> _Task item_: Pictures stay out. Extract the lines below from the first one through the line with "摄影大赛一等奖作品被指AI生", both included.

╔══

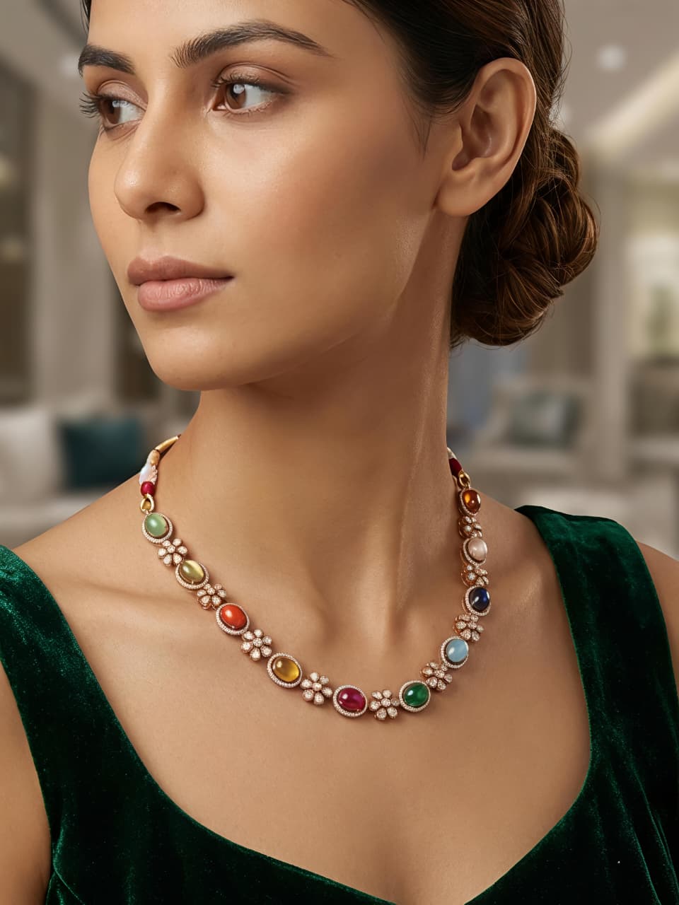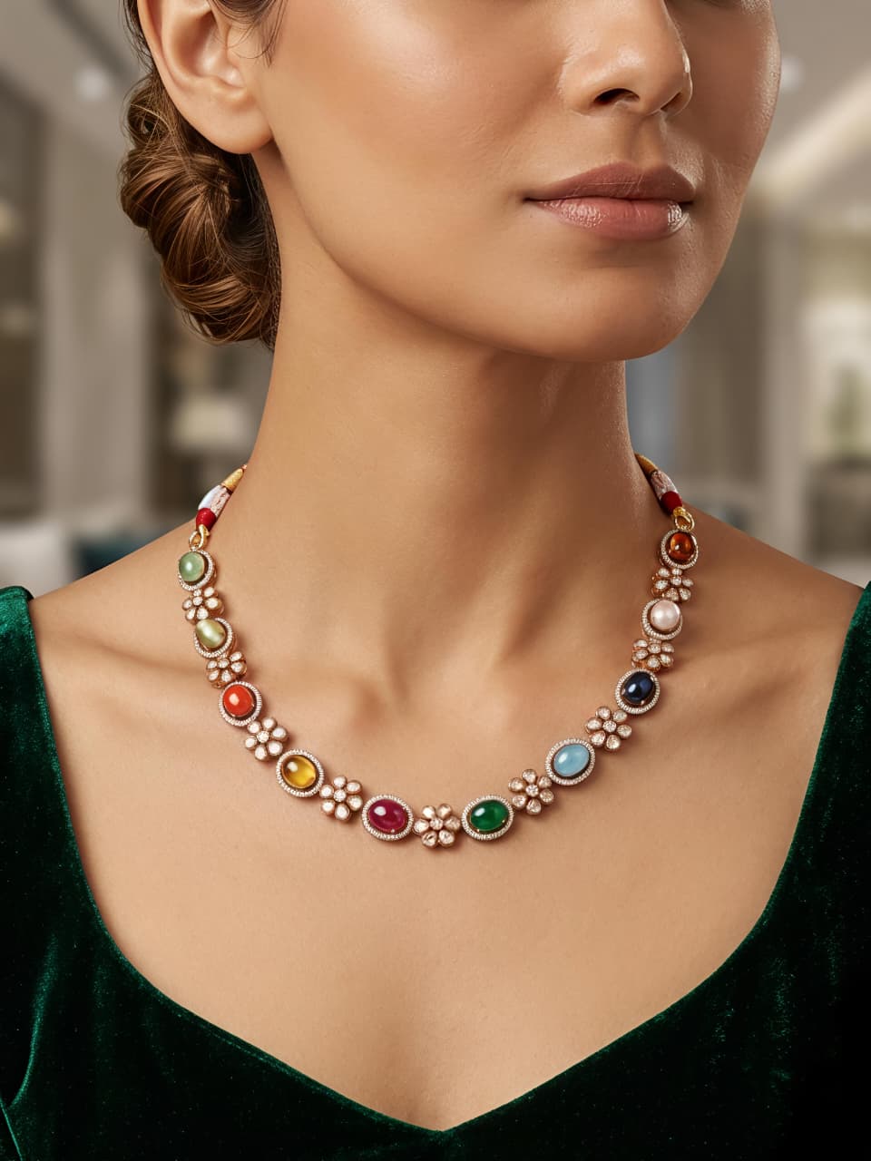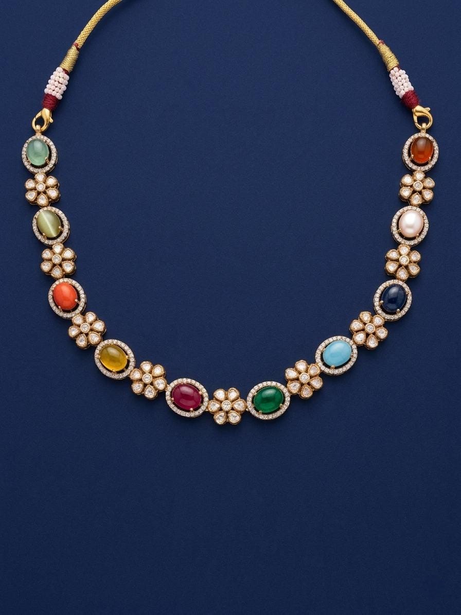 Be the first to review “Navaratna 92.5 Sterling Silver Necklace with Moissanite, CZ & Colourstone Embellishments”
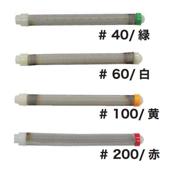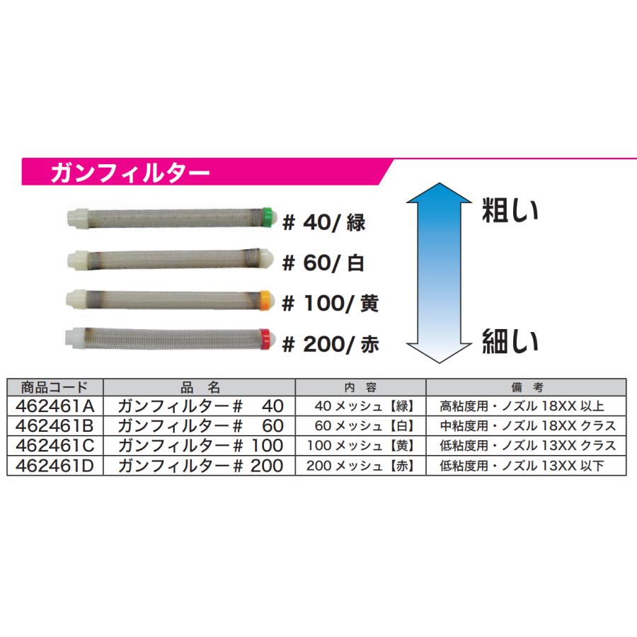 精和産業 ガンフィルターになります。・ガンフィルター #40 #462461A 40メッシュ(緑)高粘度用・ノズル18XX以上・ガンフィルター #60 #462461B 60メッシュ(白)中粘度用・ノズル18XXクラス・ガンフィルター #100 #462461C 100メッシュ(黄)低粘度用・ノズル13XXクラス・ガンフィルター #200 #462461D 200メッシュ(赤)低粘度用・ノズル13XX以下
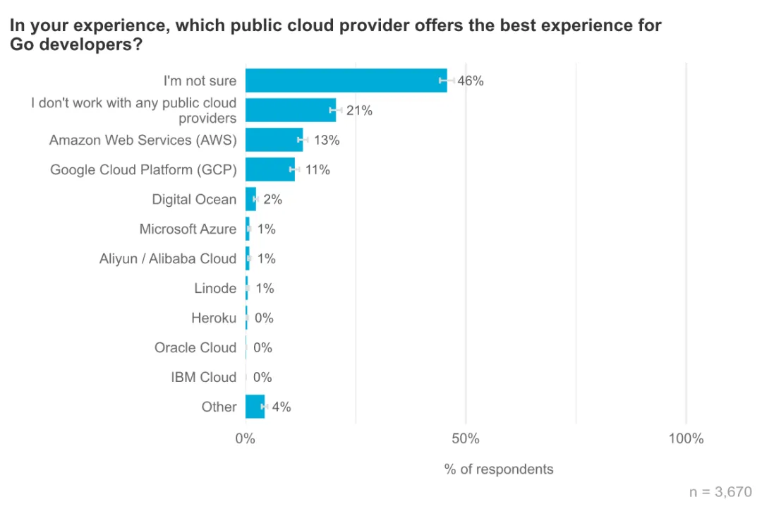 “云提供商对我来说真的没什么区别。我只管写代码并部署到容器中,无论是 AWS 还是 GCP,我并不在乎。” —— 比较满意 / 3 - 10 年经验 / 金融服务
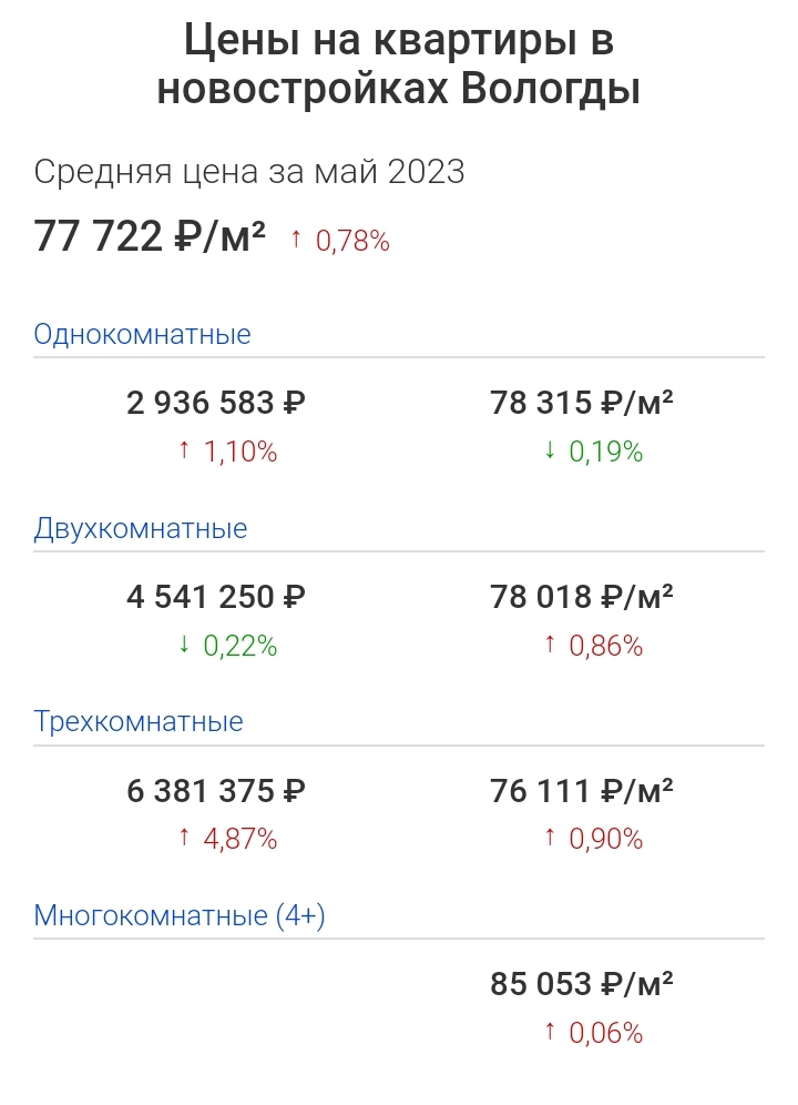 Цены в Вологде
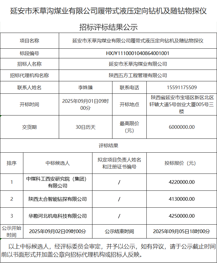 延安市禾草沟煤业有限公司履带式液压定向钻机及随钻物探仪中标候选人公示
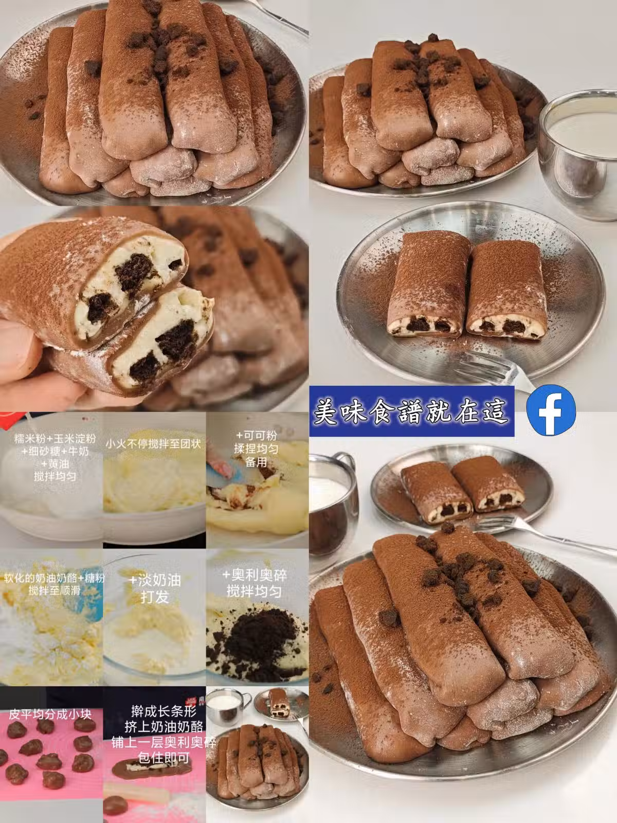 4⃣️ 皮平均分成小塊,擀成長條狀,擠上奶油奶酪,鋪上一層奧利奧碎,包住即可
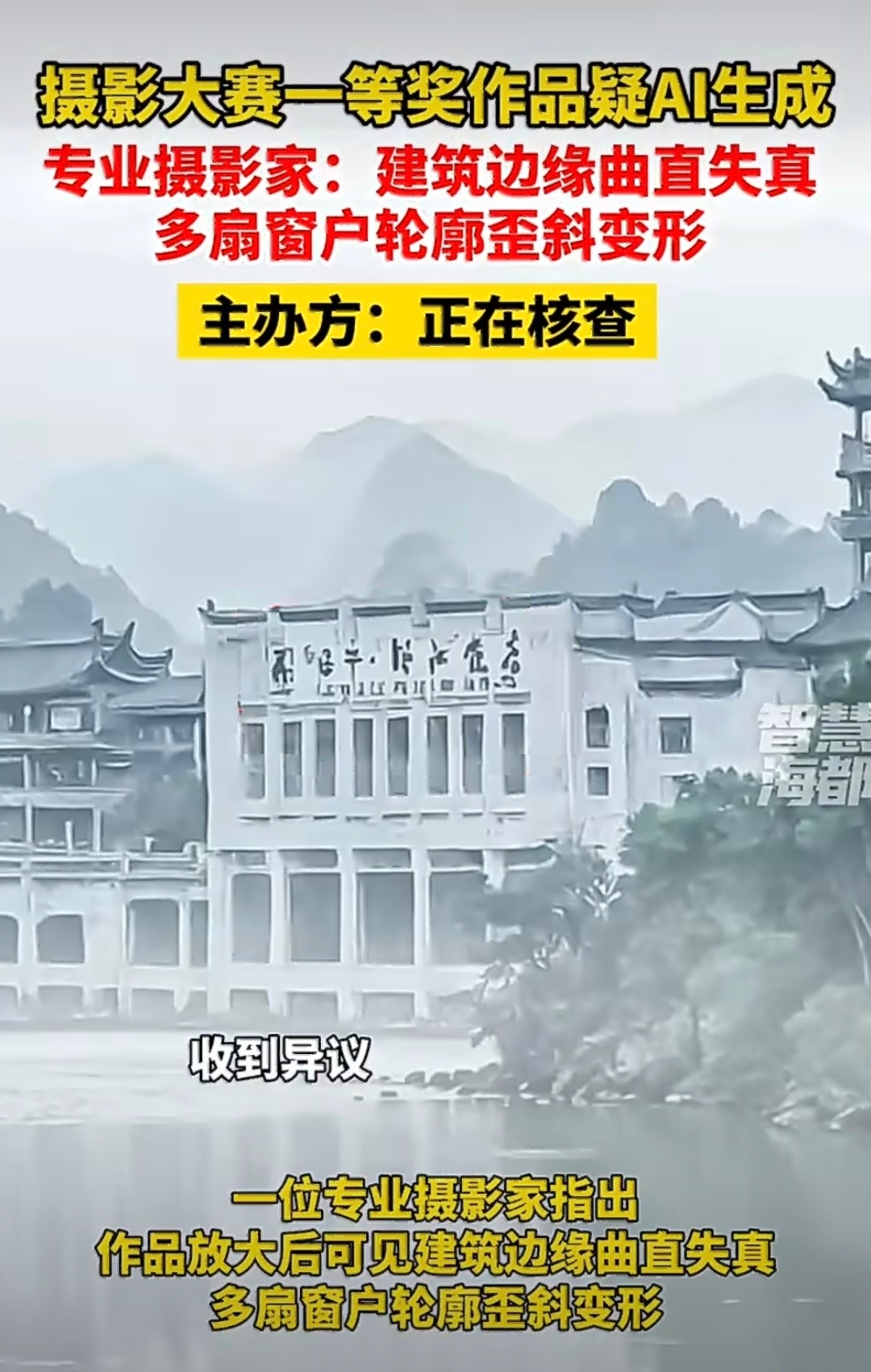 摄影大赛一等奖作品被指AI生成 一眼假啊,要么用AI优化过,要么手机拍摄中AI算法优化过。。。
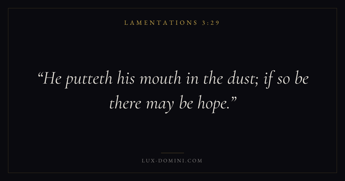 Books / Lamentations / Chapter 3 / Verse 29 ← Lamentations 3:28 Lamentations 3:29 Lamentations 3:30 → He putteth his mouth in the dust; if so be there may be hope. Download verse card Share on Twitter Share on Facebook Pin it ✦ Key themes HopeJustice and mercyLamentJudgment Read with Lamentations 3:28Romans 8:24Revelation 21:4Micah 6:8 Related topics Bible verses about hopeBible verses about justice and mercyBible verses about grief and loss ✦ Lamentations Chapter 3 verses V. 1 V. 2 V. 3 V. 4 V. 5 V. 6 V. 7 V. 8 V. 9 V. 10 V. 11 V. 12 V. 13 V. 14 V. 15 V. 16 V. 17 V. 18 V. 19 V. 20 V. 21 V. 22 V. 23 V. 24 V. 25 V. 26 V. 27 V. 28 V. 29 V. 30 V. 31 V. 32 V. 33 V. 34 V. 35 V. 36 V. 37 V. 38 V. 39 V. 40 V. 41 V. 42 V. 43 V. 44 V. 45 V. 46 V. 47 V. 48 V. 49 V. 50 V. 51 V. 52 V. 53 V. 54 V. 55 V. 56 V. 57 V. 58 V. 59 V. 60 V. 61 V. 62 V. 63 V. 64 V. 65 V. 66
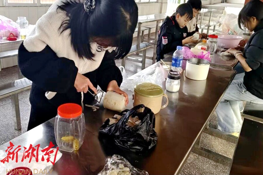 牛车河镇中学:劳动实践趣味多 学生巧手腌萝卜
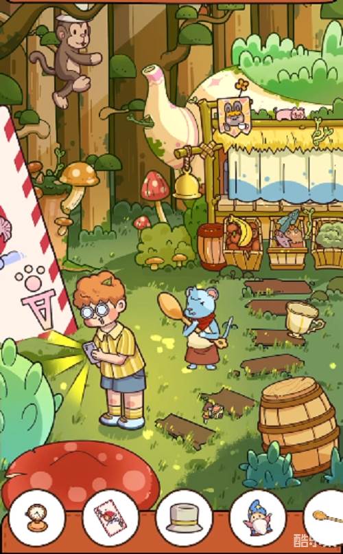 7、点铃铛,左侧树上的蘑菇给兔子得到蘑菇瓶子。

╚══

> _Answer area_:
 Be the first to review “Navaratna 92.5 Sterling Silver Necklace with Moissanite, CZ & Colourstone Embellishments”
 精和産業 ガンフィルターになります。・ガンフィルター #40 #462461A 40メッシュ(緑)高粘度用・ノズル18XX以上・ガンフィルター #60 #462461B 60メッシュ(白)中粘度用・ノズル18XXクラス・ガンフィルター #100 #462461C 100メッシュ(黄)低粘度用・ノズル13XXクラス・ガンフィルター #200 #462461D 200メッシュ(赤)低粘度用・ノズル13XX以下
 “云提供商对我来说真的没什么区别。我只管写代码并部署到容器中,无论是 AWS 还是 GCP,我并不在乎。” —— 比较满意 / 3 - 10 年经验 / 金融服务
 Цены в Вологде
 延安市禾草沟煤业有限公司履带式液压定向钻机及随钻物探仪中标候选人公示
 4⃣️ 皮平均分成小塊,擀成長條狀,擠上奶油奶酪,鋪上一層奧利奧碎,包住即可
 摄影大赛一等奖作品被指AI生成 一眼假啊,要么用AI优化过,要么手机拍摄中AI算法优化过。。。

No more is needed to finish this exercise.